6 Enterprise Best Practices That SMB Manufacturers Can Steal from Big Business

6 Enterprise Best Practices That SMB Manufacturers Can Steal from Big Business

SMB manufacturers have always had to work harder to compete with the power of big business. Larger manufacturers have more resources, more capital and more ability to create economies of scale. That means that making it as a SMB manufacturer requires finding creative solutions that allow you to do more with less and create a leaner process.


Fortunately, it’s actually possible to take many of the fundamental strategies and processes that big manufacturers use and apply them at a smaller scale. The six best practices we’ll discuss here are all major parts of how enterprise-level manufacturers play the game—but they can also provide a critical boost for SMB manufacturers.

Make data and analytics central to your business model.


Any business, in any sector from retail to manufacturing, must learn to use data efficiently to thrive in the 21st century marketplace. Data analysis helps businesses allocate their resources more intelligently, which is critical for SMB manufacturers who need to stretch their budgets further.
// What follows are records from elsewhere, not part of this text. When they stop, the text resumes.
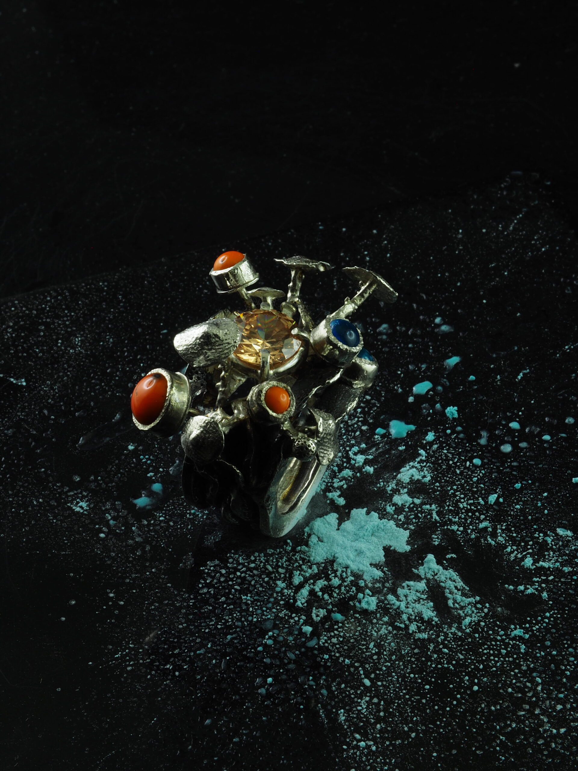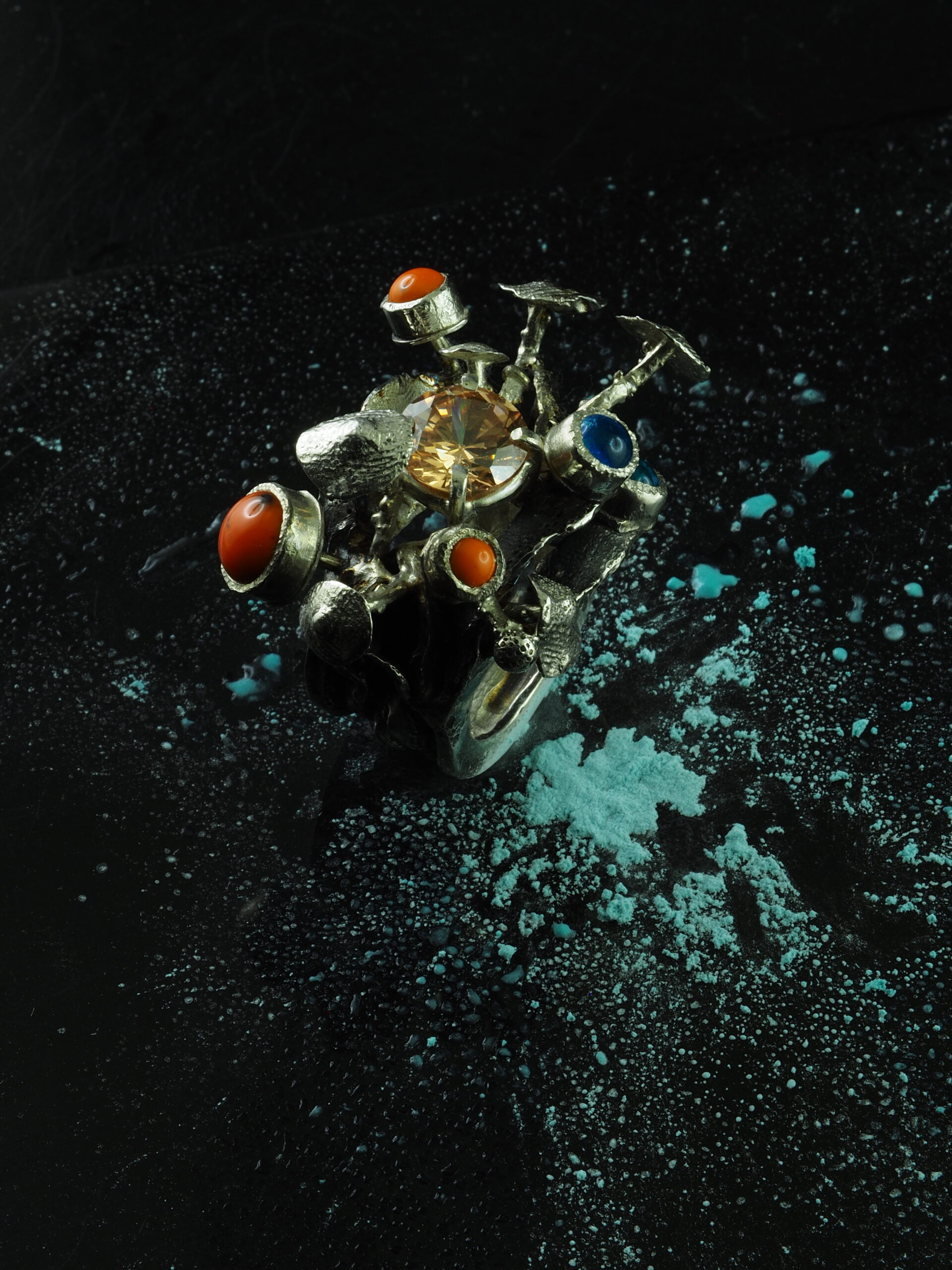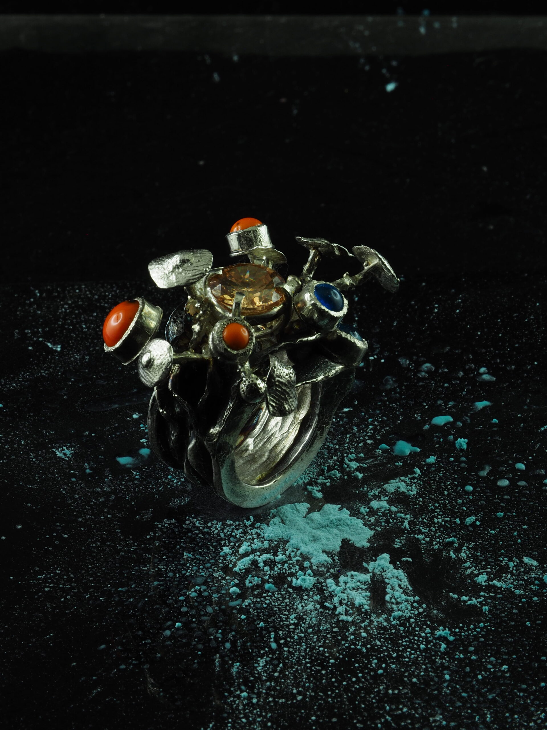 The Ocean Reef ring in 925 sterling silver is a unique creation, inspired by the beauty and mystery of marine reefs. Adorned with natural coral and turquoise stones, this ring brings a touch of color and organic elegance. The intricate design, with fine details, evokes the underwater world and the diversity of reefs. Each piece is handcrafted, ensuring a unique and special design.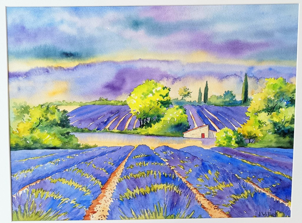 Autre réalisation dans les tons bleus, ce paysage (plus classique) de lavandes :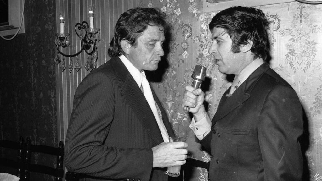 Johnny Cash, left, being interviewed for Israeli radio in Jerusalem in 1971. (IPPA staff from the Dan Hadani Archive, Pritzker Family National Photography Collection at the National Library of Israel, Jerusalem)

Robust automated data collection and predictive analytics functions that were once only available to big business are now within reach of many SMBs. Numerous cloud-based ERP software systems now allow manufacturers to collect enormous amounts of data about suppliers, customers, manufacturing processes and more and then integrate that data into a comprehensive system for understanding challenges, goals and progress.


The challenge, of course, is to collect not just any data, but actionable data that can be used to make targeted improvements. Take some time to review your KPIs and ask yourself if you might need to develop new ones or adjust your collection methods to create an accurate picture of what’s happening on the ground.

Invest in Training That Creates Results.


Enterprise manufacturers understand that good training for employees is the ultimate upstream investment. A better-trained workforce will reward manufacturers with higher productivity, lower turnover and lower costs in the long run.


More often than not, real training for the new millennium means developing critical thinking and process management skills that can be applied across disciplines and even job titles. Consider the technologies that your company can adopt to make training more effective. Technologies such as virtual reality and augmented reality can give employees a more immersive and practical grounding in key skills.


When designing your training program, think also about how being a small business can give you unique advantages. Arranging for trainers to spend more one-on-one time coaching each employee and encouraging senior employees to mentor junior ones are great ways to leverage your strengths and become a workplace where employees invest in each other.

Invest in Retaining Talent.


The flip side of the previous tip is that good training without retainment is a losing proposition. You don’t want to pour resources into training employees, only to have your employees leave. Thus, it’s critical to make human capital investments with an eye toward the long term.


One of the most important ways to retain top manufacturing talent is to compensate your employees appropriately and provide them with the benefits they deserve. Skilled employees who have grown successful relationships with co-workers and suppliers don’t come cheap, but employee turnover is even more costly to employers.


It’s equally important to create a welcoming and positive culture in your SMB manufacturing business. Small businesses often live and die on their culture because their culture is how they foster loyalty and productivity among their employees. Mentorship, as previously mentioned, is a key for creating a strong community, as is creating a culture that’s free of discrimination and harassment.


Look at your Options for Automation and AI.


Automation and AI are creating big opportunities for manufacturers of all sizes, and you don’t have to be a corporate behemoth to get value out of smart investments in automation. There are all kinds of little ways to make your shop floor smarter that can add up to big gains in productivity.


Internet of Things devices are among the most popular ways to create a more connected and automated manufacturing process. When deployed correctly, IoT sensors can provide incredibly valuable data about productivity, quality control, resource utilization and much more–and they can send out instant alerts or even stop production in case of a malfunction. Other AI systems are used to guide employees through their duties and help them optimize their workflows.


The key to making smart investments in AI is to identify the specific goals that your business seeks to achieve with it. You don’t want complexity for complexity’s sake. You want AI systems that target a specific problem and offer a concrete method for improving it.


Analyze your Procurement Strategies.


Procurement can be challenging to master for SMB manufacturers, who often don’t have the deal-sweetening buying power that bigger businesses have. To make up the difference, SMB manufacturers have developed some unique strategies that allow them to punch above their weight when it comes to procurement.


Forming purchasing consortia with other SMB manufacturers is one strategy that can help secure better prices. The combined buying power of several manufacturers can be a substantial boon in negotiating better deals with suppliers and distributors.


Another procurement strategy is to design products that can be more readily manufactured with stock or customized parts, rather than fully-custom components. Plastic enclosures, for example, can often be obtained with customized cutouts without the expense of fully-custom manufacturing.


At the end of the day, the size of your manufacturing business may not matter as much as whether your management can adopt the best and most efficient qualities of a big business. By thinking strategically and planning for the long-term, a SMB manufacturer can move like a power player—and, in time, perhaps grow into one.